GIVEN DATA>
= Beginning of Section =

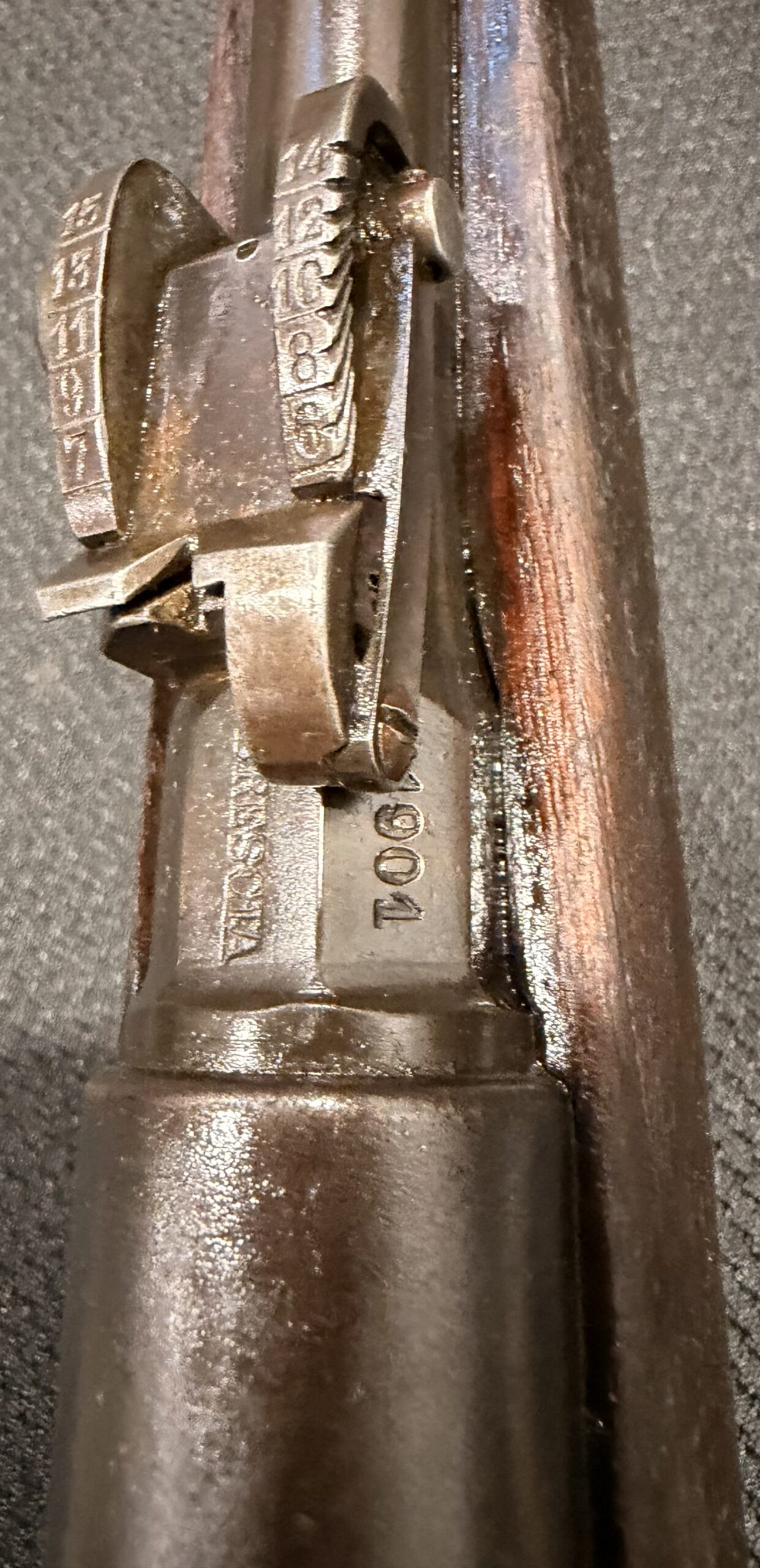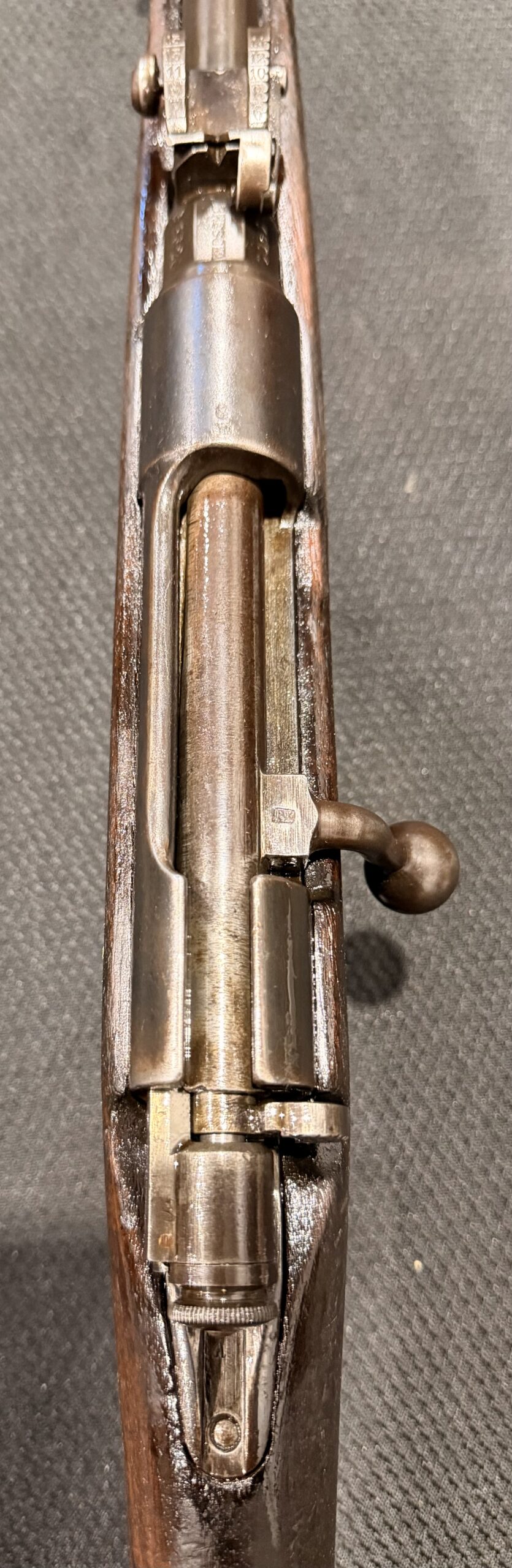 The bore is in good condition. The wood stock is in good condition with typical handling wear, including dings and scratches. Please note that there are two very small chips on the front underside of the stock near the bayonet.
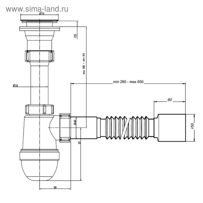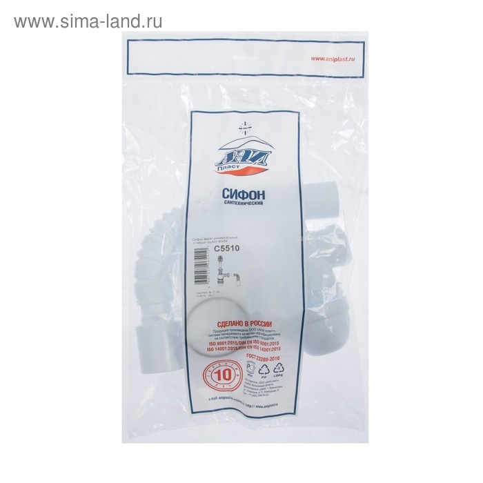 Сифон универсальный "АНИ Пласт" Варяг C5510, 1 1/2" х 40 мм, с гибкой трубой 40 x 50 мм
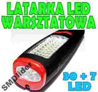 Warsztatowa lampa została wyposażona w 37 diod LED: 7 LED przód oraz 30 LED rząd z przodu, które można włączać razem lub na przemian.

= End of Section =

PROBLEM REQUIREMENTS> Once the pictures are dropped, please print every remaining line of the material verbatim.

WRITTEN SOLUTION>
 The bore is in good condition. The wood stock is in good condition with typical handling wear, including dings and scratches. Please note that there are two very small chips on the front underside of the stock near the bayonet.
 Сифон универсальный "АНИ Пласт" Варяг C5510, 1 1/2" х 40 мм, с гибкой трубой 40 x 50 мм
 Warsztatowa lampa została wyposażona w 37 diod LED: 7 LED przód oraz 30 LED rząd z przodu, które można włączać razem lub na przemian.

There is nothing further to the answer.